WORK ORDER
For this task, copy all of the data below exactly and skip the pictures.
(PROVIDED MATERIAL)
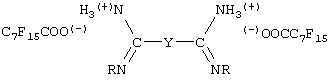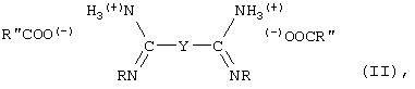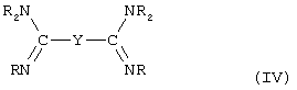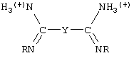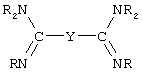 где Y – это связующая группа согласно приведенному выше описанию, и эти вещества используются в комбинации с анионом, например, таким как описано ниже и в том числе Cl–, Br–, I–, RCOO– и т.п. В качестве еще одной группы амидинсодержащих вулканизующих веществ можно назвать соединения, соответствующие формуле:
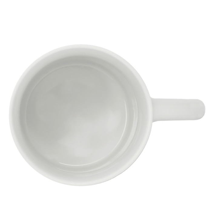 Taza de porcelana blanca con asa de medio circulo hecha en EU 300ml
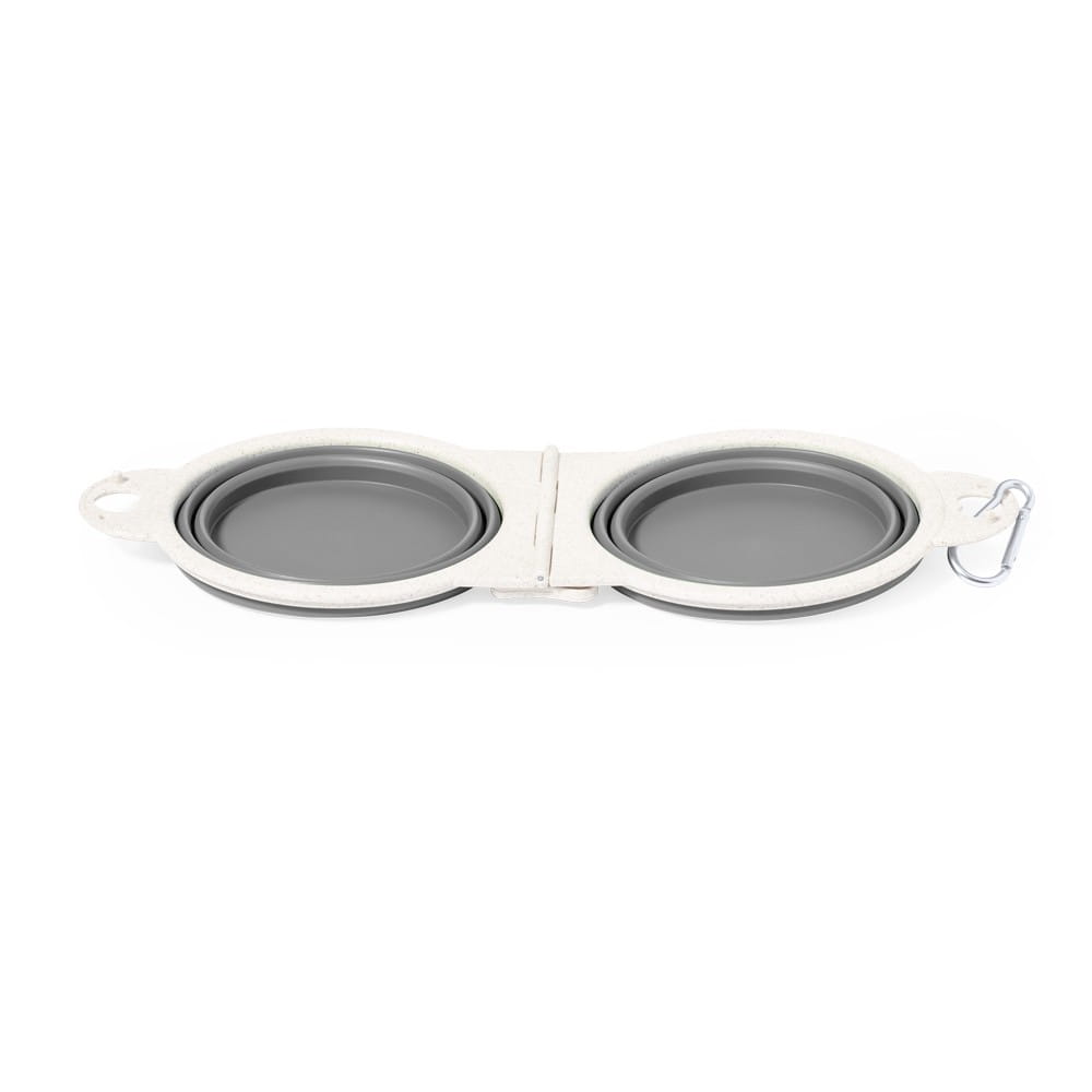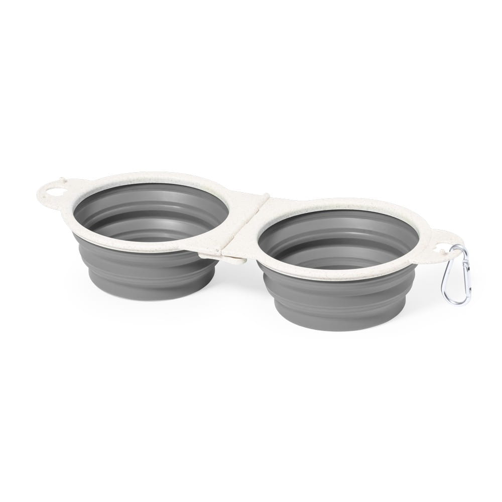 Promocje:Podwójna miska dla psa z elementami ze słomy pszenicznej, składana, karabińczyk V2120-19 /kolor: szary/
(End PROVIDED MATERIAL)
EXPECTED OUTPUT
 где Y – это связующая группа согласно приведенному выше описанию, и эти вещества используются в комбинации с анионом, например, таким как описано ниже и в том числе Cl–, Br–, I–, RCOO– и т.п. В качестве еще одной группы амидинсодержащих вулканизующих веществ можно назвать соединения, соответствующие формуле:
 Taza de porcelana blanca con asa de medio circulo hecha en EU 300ml
 Promocje:Podwójna miska dla psa z elementami ze słomy pszenicznej, składana, karabińczyk V2120-19 /kolor: szary/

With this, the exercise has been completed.